57 . The method of claim 64 , where applying the treatment current to treat the nerve comprises creating multiple treatment zones along the nerve.
58 . The method of claim 57 , where creating multiple treatment zones along the nerve comprises moving the probe in a forward direction relative to the nerve such that a muscle associated with the nerve can be stimulated during stimulation of a distal location along the nerve.
59 . The method of claim 56 , where creating multiple treatment zones along the nerve occurs without removing the probe from the tissue region.
60 . The method of claim 56 , further comprising injecting an anesthetic at or near the tissue region at prior to applying energy to the tissue region.
61 . The method of claim 56 , further comprising reducing a temperature of a surface of the tissue region above the treatment zone prior to heating and keeping the ice in place during the ablation.
62 . The method of claim 56 , further comprising using an external nerve stimulator to map a nerve anatomy in the tissue region, prior to inserting the probe into the tissue region, and using the map as a guide to identify target treatment locations.
63 . The method of claim 56 , where the threshold stimulation current setting is fixed.
64 . A system for treating a nerve in a region of tissue, the system comprising:
a probe having a working end for positioning within tissue; a controller configured to provide power to the probe in a therapeutic mode and a stimulation mode; where the controller is further configured to be adjustable between a plurality of stimulation settings, the plurality of stimulation settings comprising at least a first stimulation setting and a second stimulation setting and where the controller is further configured to prevent application of power in the therapeutic mode when unless set to the second stimulation setting; where an effective stimulation area of the probe is reduced in the second stimulation setting as compared to the effective stimulation area of the probe in the first stimulation setting such that the working end of the probe must be closer to the nerve in the second stimulation setting than in the first stimulation setting to stimulate the nerve; and where the controller is further configured to reset to the first stimulation setting after application of power in the therapeutic mode.
65 . The system of claim 64 , further comprising an anesthetic supply fluidly coupled to an opening on the working end of the probe.
66 . The system of claim 64 , where the first stimulation setting is fixed.
67 . The system of claim 66 , where the second stimulating setting is adjustable.
68 . The system of claim 64 , where the probe comprises an energy transfer section on the working end, where the energy transfer section comprises at least a first conductive portion and a second conductive portion longitudinally spaced on the probe, the first and the second conductive portions separated by an electrically insulative material.
69 . The system of claim 64 , further comprising a fluid port located on the working end and between the first conductive portion and the second conductive portion.
70 . The system of claim 64 , wherein a surface area of the first conductive portion and the second conductive portion are different.
71 . The system of claim 64 , further comprising at least one additional conductive portion spaced from either the first or second conductive portion.
72 . The system of claim 64 , further comprising a temperature sensing element located between the first conductive portion and the second conductive portion.
73 . The system of claim 64 , where the insulative material comprises a tapered profile.
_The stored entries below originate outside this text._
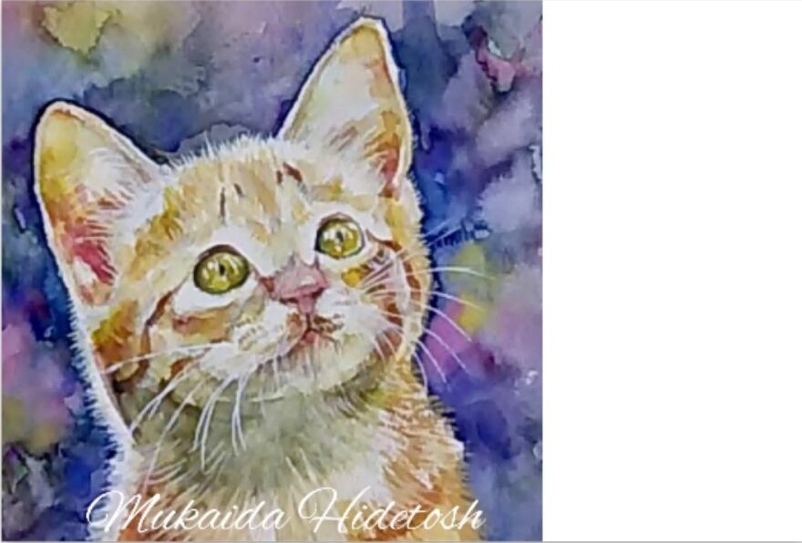 水彩画の猫ちゃんの絵が入ったポストカードです。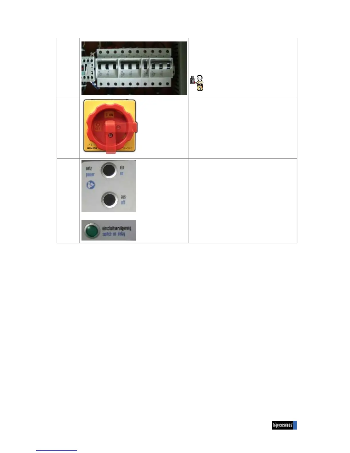 switching cabinet are switched on. Opening of the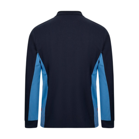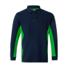 - Laterais, axilas, carcela, tapa costuras da gola e pespontos em cor contraste;

74 . The system of claim 64 , further comprising an illumination source on the working end.
75 . The system of claim 74 , where the illumination source comprises a modulation flash rate proportional to the amount of stimulation energy.
76 . The system of claim 64 , further comprising a lumen operatively disposed along the length of the single axis probe.
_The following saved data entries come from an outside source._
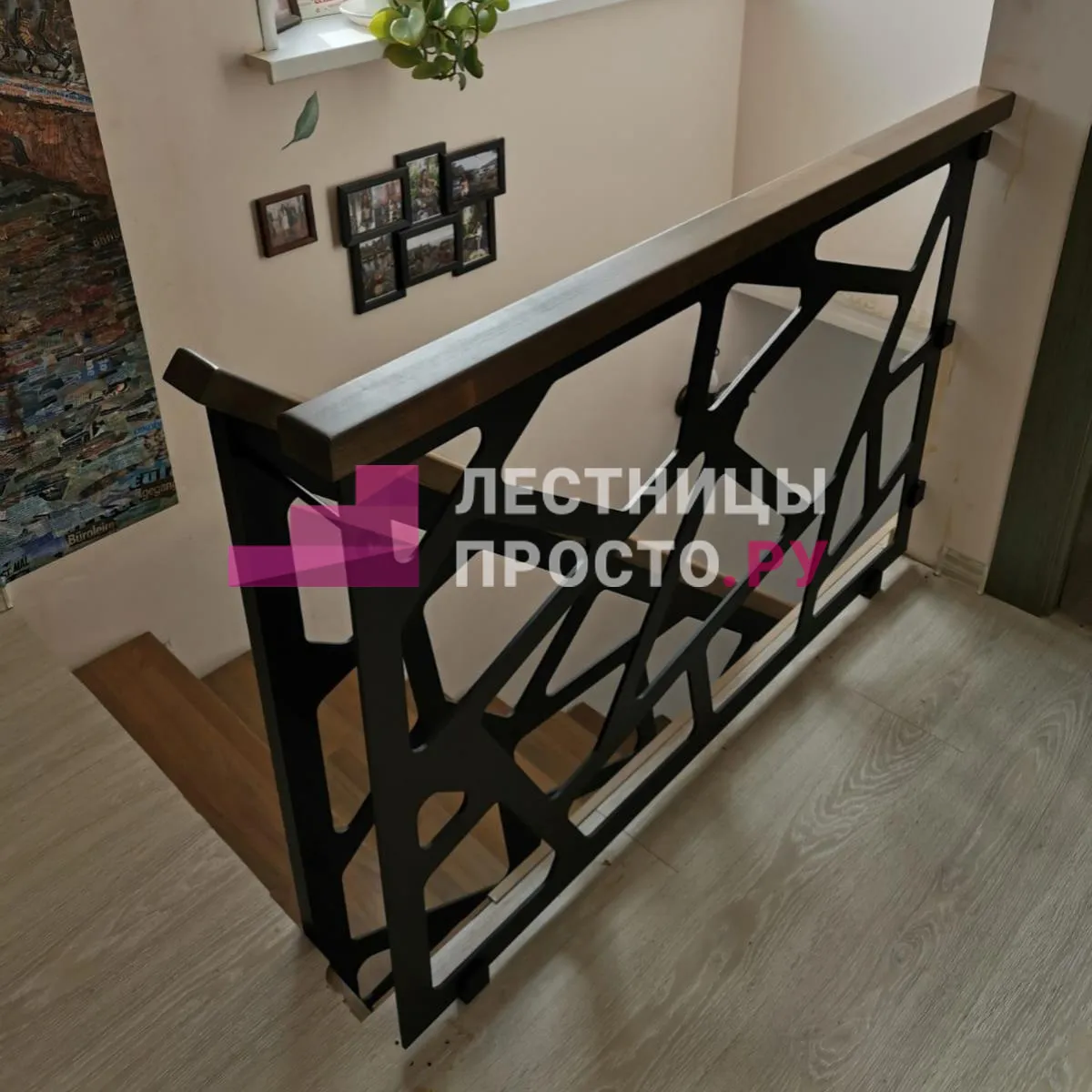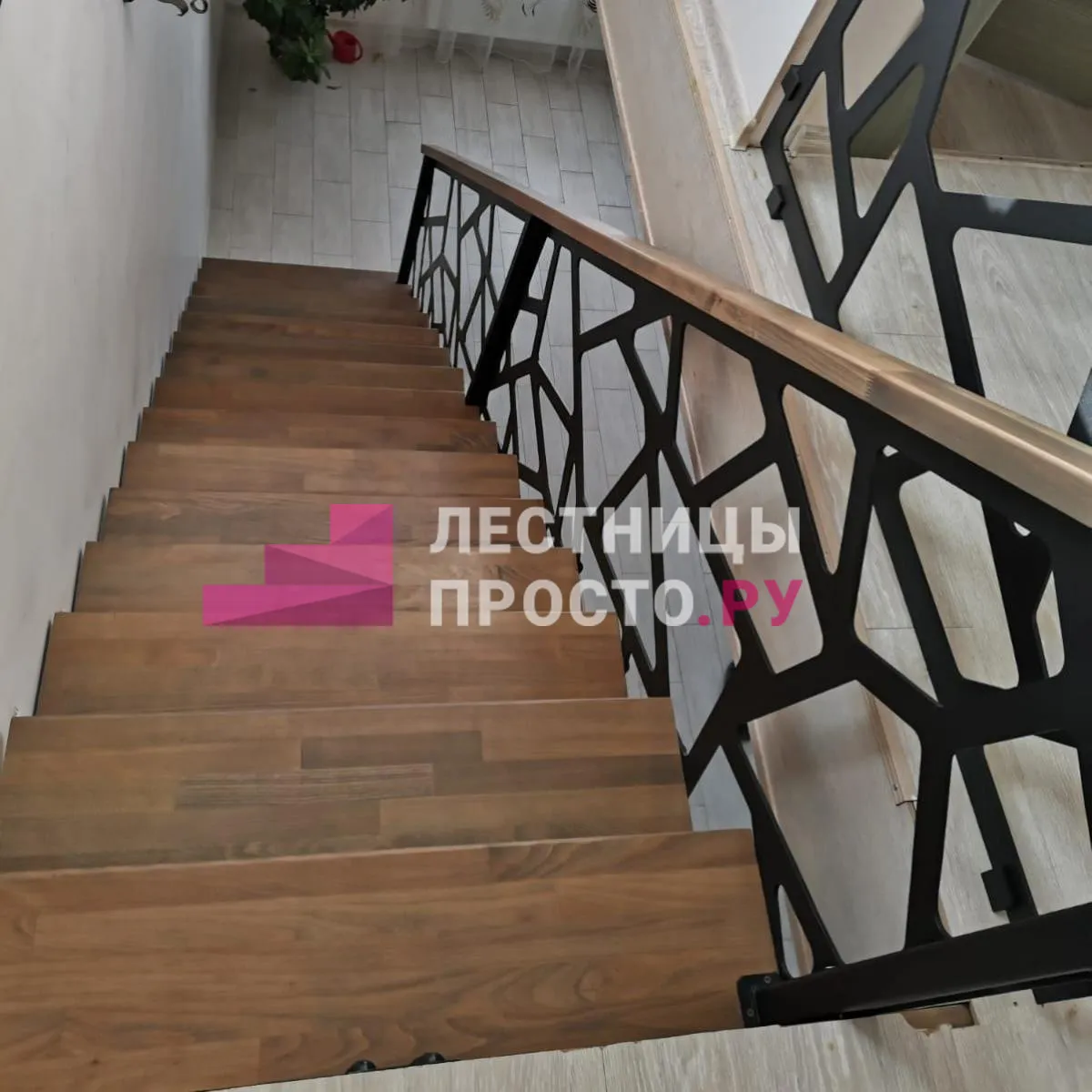 Лестница из ясеня с кованым ограждением по индивидуальному проекту LP-055
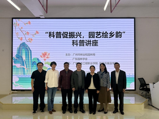 2025年11月27日下午,由广州市林业和园林局与广东园林学会共同主办,广东生态工程职业学院园艺与食品学院承办的“科普促振兴,园艺绘乡韵”专家讲座,在广东生态工程职业学院顺利举行。广州市林业和园林局科技处代表何培阳、广东生态工程职业学院党委委员及园艺与食品学院院长吴刚、广东园林学会副秘书长王代容以及校内师生约150人参与活动。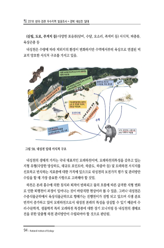 2018 생태·경관 우수지역 발굴조사 경북 내성천 일대 94 ? National Institute of Ecology 산림, 도로, 주거지 등 다양한 포유류 담비, 수달, 오소리, 족제비 등 서식처, 파충류, 육상곤충 등 내성천은 수량에 따라 제외지의 환경이 변화하지만 수역에서부터 육상으로 연결된 비 교적 양호한 서식처 구조를 가지고 있음. 그림 58. 내성천 일대 서식처 구조 내성천의 생태적 가치는 국내 대표적인 모래하천이며, 모래하천의특성을 갖추고 있는 지형 유형 다양한 망상하도, 대규모 포인트바, 하중도, 하중바 등 및 모래하천 서식지를 선호하고 번식하는 지표종에 대한 가치에 있으므로 내성천의 보전가치 평가 및 관리방안 수립을 할 때 가장 중요한 사항으로 고려해야 할 것임. 하천은 본래 훙수에 의한 침...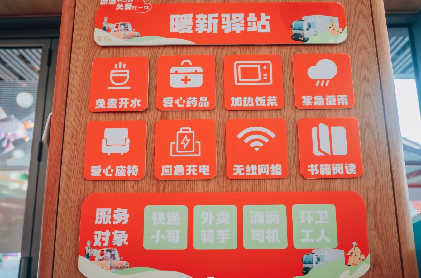 2023年以來,泰州市相關群團組織常態走近新興青年,了解現實需求,探索全方位服務舉措。“我們街道轄區有著金融廣場、萬象城等大型商圈,聚集了200多名快遞外賣小哥。前期,通過入戶走訪、座談交流等形式,了解他們在歇腳、熱水、熱飯等方面的需求,我們就在商圈周圍就近就便設置了22個‘暖新驛站’,配備微波爐、飲水機等,并提供易耗物資更換、法律問題咨詢等服務。”泰州市醫藥高新區(高港區)鳳凰街道團工委書記湯宸說道。 |

77 . The system of claim 76 , where the lumen is in communication with a fluid reservoir.
78 . The system of claim 64 , wherein the controller further configured to determine the impedance of the tissue surrounding the probe.
79 . The system of claim 64 , wherein the probe further comprises a handle configured with a switch for adjusting the controller between the therapeutic mode and the stimulation mode.
80 . The system of claim 79 , wherein the switch is located as to allow single-handed use of the switch.
81 . The system of claim 64 , further comprising an indicator source on the handle.
82 . The system of claim 81 , where the indicator source provides a first visual indicator for the stimulation mode and a second visual indicator for the therapeutic mode.
83 . The system of claim 64 , wherein the first stimulation setting comprises 0.07 milliamps.
84 . An electrosurgical device for use with a source of stimulation energy and a source of therapeutic energy to simulate and treat tissue under skin and for use with a reservoir having a flowable substance, the device comprising
a device body; a probe extending from a portion of the device body, the probe being rigid such that manipulation of the device body permits movement of the probe within tissue: a distal electrode located at a working end of the probe; a proximal electrode positioned on the probe and spaced proximally from the distal electrode, where the distal and proximal electrodes are coupleable to the source of stimulation energy and the source of therapeutic energy, where application of the therapeutic energy to the distal electrode and proximal electrode forms a lesion in a tissue region spanning between the proximal and distal electrodes; a fluid dispensing sleeve having one or more fluid ports, the fluid dispensing sleeve positioned between the distal electrode and proximal electrode where at least one of the fluid ports is oriented to deliver the flowable substance in an orthogonal direction to an axis of the probe such that the flowable substance is directed to the tissue region.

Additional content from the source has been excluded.